На Московском вокзале около памятника Ленину на полу жались к постаменту молодые люди с рюкзаками. «Геологи, что ли, куда-то собрались?» – подумал почему-то Арсений.
Арсений приехал заранее. До поезда оставался почти час. Ресторан ещё работал, хотя у официанток был такой вид, будто каждый новый посетитель наносит им личное оскорбление.
Дома он никак не мог заставить себя толком поесть. Кусок не шёл в горло. И теперь проголодался. «В поезде наверняка, кроме чая, ничего не предложат, а вагон-ресторан, скорее всего, будет уже закрыт», – рассудил Арсений.
Пока готовили заказанное им жаркое, он так сильно и нервно теребил и дёргал бахрому на скатерти, что чуть не оторвал несколько ниток.

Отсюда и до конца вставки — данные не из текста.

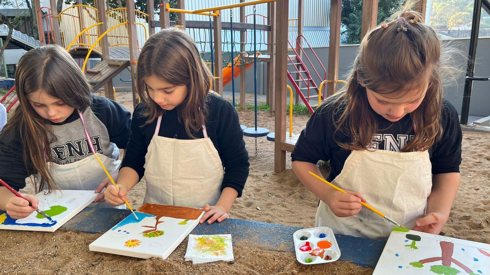 Com o apoio das professoras Daiane Kochenborger, Simone Ledur Marks e Scheila Lauck, a proposta convidou os alunos a mergulharem no universo do livro "A Semente", de Christina Dias, obra trabalhada pelas turmas ao longo do primeiro semestre. A releitura das imagens ganhou vida através da pintura em tela, técnica escolhida para expressar, com liberdade e cor, as interpretações das crianças.

Довольно частые за последние годы гастрольные поездки приучили мириться с дорожными тяготами, но в этот раз в купе он долго ворочался. Принялся вспоминать известные ему случаи, когда люди после инфарктов восстанавливались и жили дальше припеваючи, не вспоминая о болезни.
Зачем он обещал Вике, что зайдёт туда, где вырос и откуда пришлось уехать не по доброй воле? Почему она вмешивается в это? Разве в силах она представить весь ужас случившегося много лет назад?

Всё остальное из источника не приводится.